Monthly Archives: May 2012

HarappaWorld Tweaks

First of all, I wanted to draw your attention to the fact that I am using weighted means for population averages for HarappaWorld instead of just averaging all samples' results. The weighting gives less importance to outliers. I find this to be a better solution than a simple average or median. A median removes all outliers but it also rejects a lot of information.

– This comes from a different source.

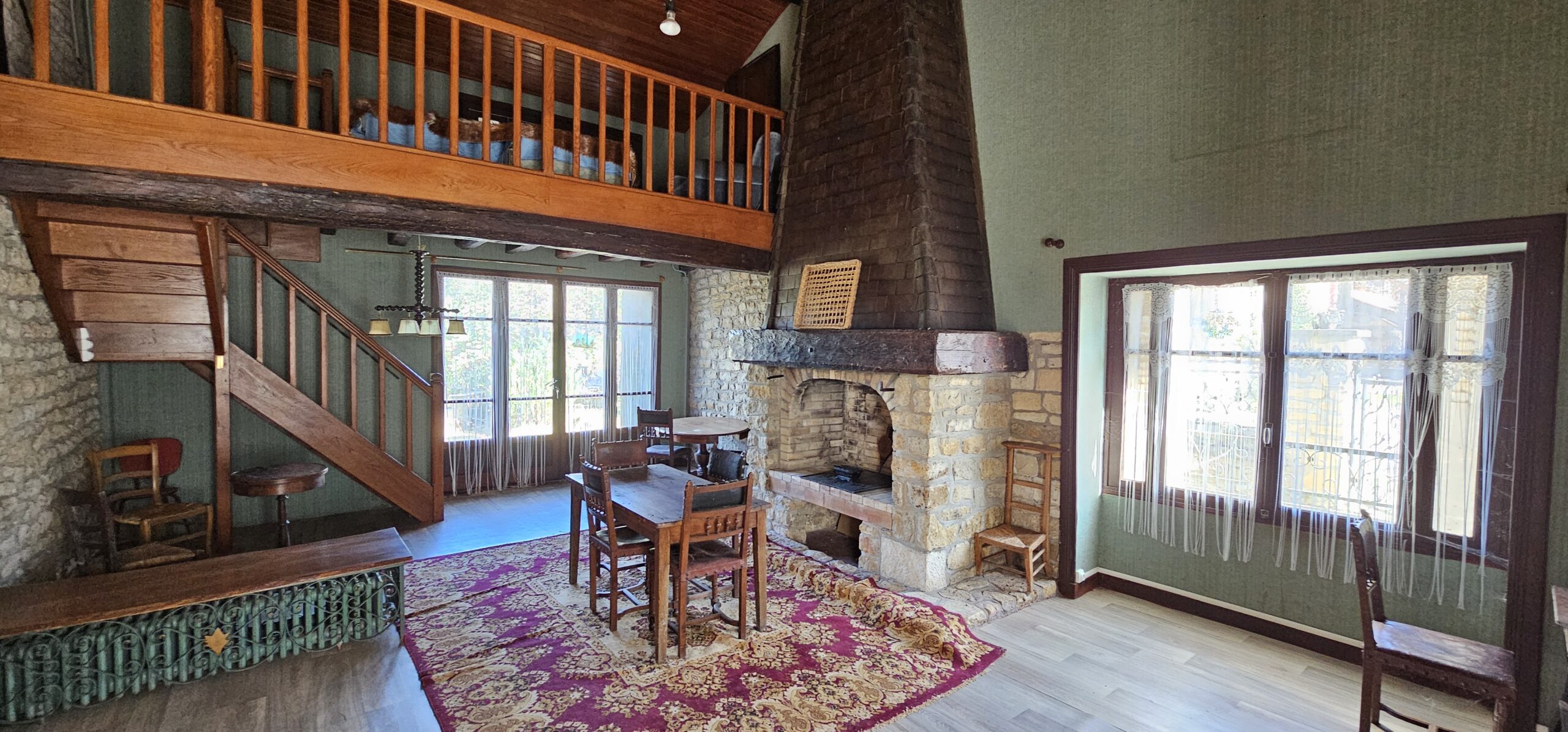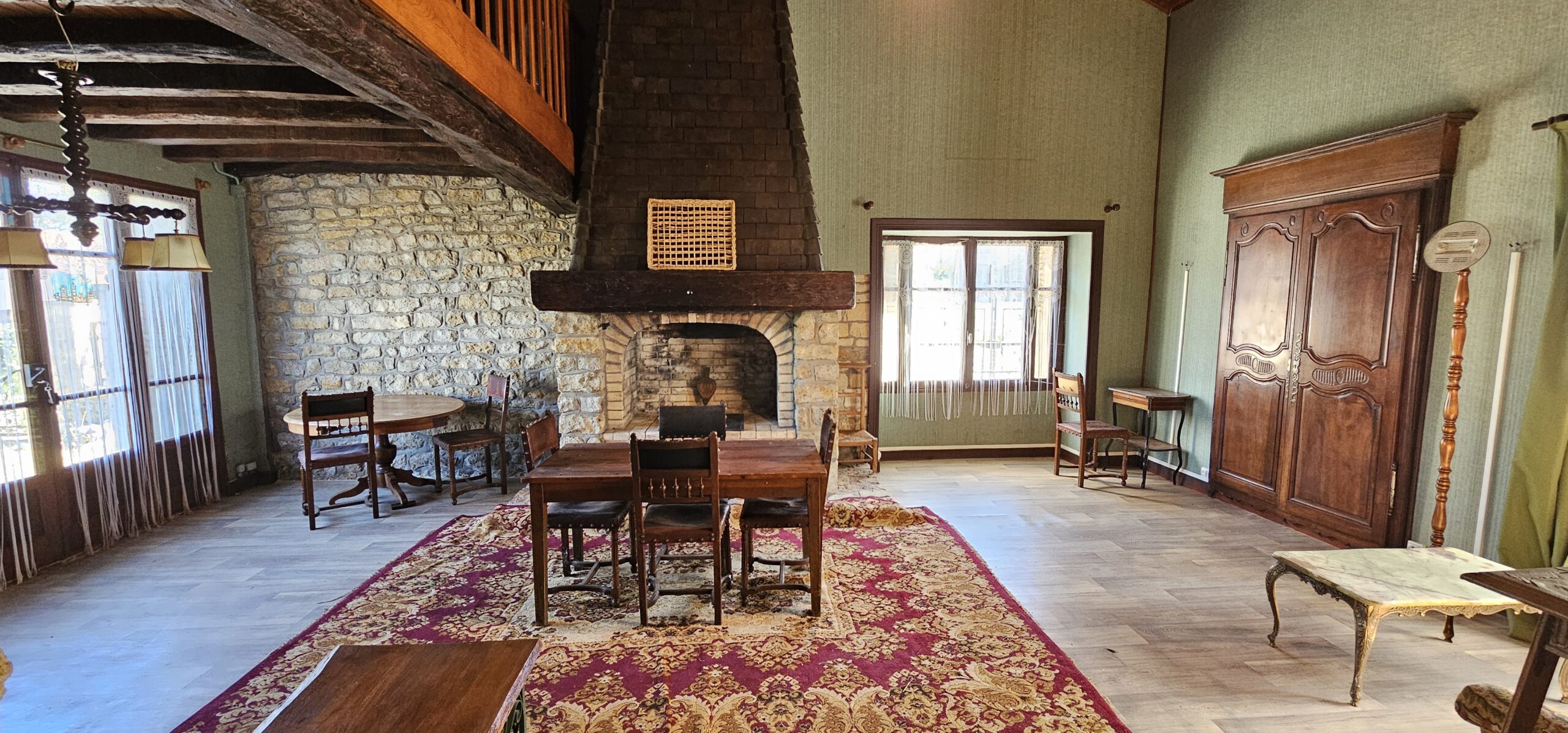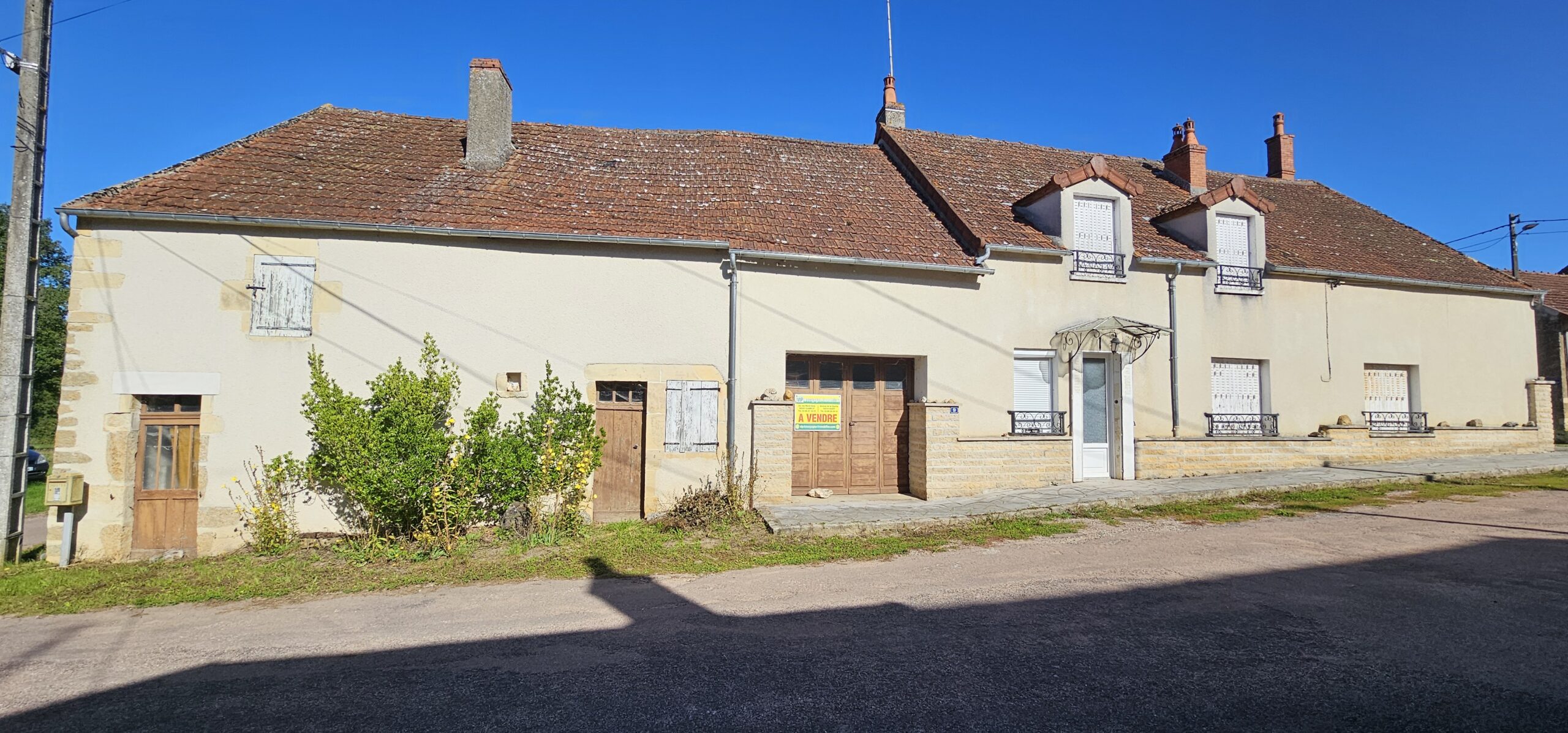 Réf. 2893 – Région TANNAY, maison de village, indépendante, 148 m² habitables : pièce d’entrée carrelée 16 m² (poutres, cheminée, fenêtre double vitrage avec volet électrique), cuisine aménagée carrelée 14 m² (poutres, fenêtre double vitrage avec volet électrique), salon carrelé 14 m² (poutres, cheminée ouverte), salle à manger 34 m² (poutres, cheminée ouverte, lino sur dalle béton) avec mezzanine, salle de bains-WC (sanibroyeur) 7 m², dégagement avec montée d’escalier bois pour accéder au premier étage : palier (parquet), trois chambres (parquet), salle de bains, WC, lingerie. Cellier, véranda côté jardin, garage 16 m². Installation chauffage central fuel (chaudière à réviser), huisseries en simple vitrage. Travaux de rénovation intérieure à prévoir. PLUS autre ancienne maison (non habitable) attenante : deux pièces 19 m² et 16 m² (sol en pierre, tomettes, four à pain, cheminée), remise avec sortie sur jardin et caveron voûté. Grenier au-dessus 60 m² environ, dalle ciment au sol. Remise-hangar 12 m², l’ensemble sur 840 m² de terrain clos, avec puits et pompe à l’ancienne. Taxe foncière (2023) : 1 213,00 €.

An example of the weighted mean effect can be seen in the Behar et al Armenian samples. Four of the samples have higher NE European percentages than the rest. As you can see in the table below, the weighting makes their impact on the population results low.

Mean Weighted Mean
Ethnicity armenian armenian armenian armenian
Dataset behar yunusbayev behar yunusbayev
N 19 16 19 16
S Indian 0.37% 0.52% 0.41% 0.52%
Baloch 16.57% 17.73% 17.07% 17.65%
Caucasian 54.35% 56.43% 57.29% 56.61%
NE Euro 8.96% 2.98% 5.35% 2.95%
SE Asian 0.10% 0.12% 0.10% 0.13%
Siberian 0.49% 0.09% 0.29% 0.09%
NE Asian 0.14% 0.08% 0.16% 0.09%
Papuan 0.28% 0.27% 0.26% 0.27%
American 0.19% 0.18% 0.22% 0.18%
Beringian 0.26% 0.19% 0.23% 0.20%
Mediterranean 8.46% 8.37% 8.21% 8.40%
SW Asian 9.81% 13.03% 10.40% 12.91%
San 0.00% 0.00% 0.00% 0.00%
E African 0.02% 0.00% 0.01% 0.00%
Pygmy 0.00% 0.00% 0.00% 0.00%
W African 0.00% 0.00% 0.00% 0.00%

Another example is the Somali samples in Reich et al data. There is one sample (out of 6) who seems to be eastern Bantu. Let's compare the unweighted mean and weighted mean for Somalis in Reich et al and Harappa participants.

Mean Weighted Mean
Ethnicity somali somali somali somali
Dataset harappa reich harappa reich
N 2 6 2 6
S Indian 0.00% 1.62% 0.00% 1.49%
Baloch 0.00% 0.00% 0.00% 0.00%
Caucasian 2.76% 0.00% 2.76% 0.00%
NE Euro 0.00% 0.11% 0.00% 0.04%
SE Asian 0.27% 0.05% 0.27% 0.06%
Siberian 0.00% 0.04% 0.00% 0.05%
NE Asian 0.00% 0.41% 0.00% 0.46%
Papuan 0.26% 0.10% 0.26% 0.11%
American 0.14% 0.17% 0.14% 0.19%
Beringian 0.23% 0.33% 0.23% 0.38%
Mediterranean 2.12% 3.25% 2.12% 3.65%
SW Asian 31.73% 24.48% 31.73% 27.33%
San 1.96% 1.48% 1.96% 1.37%
E African 60.37% 56.75% 60.37% 60.13%
Pygmy 0.15% 1.78% 0.15% 1.23%
W African 0.00% 9.43% 0.00% 3.51%

Also, I have divided Singapore Indians into 4 groups (actually 3 groups and 1 outlier) since they are so heterogeneous. Here are the weighted mean admixture proportions for all Singapore Indians and the four subgroups.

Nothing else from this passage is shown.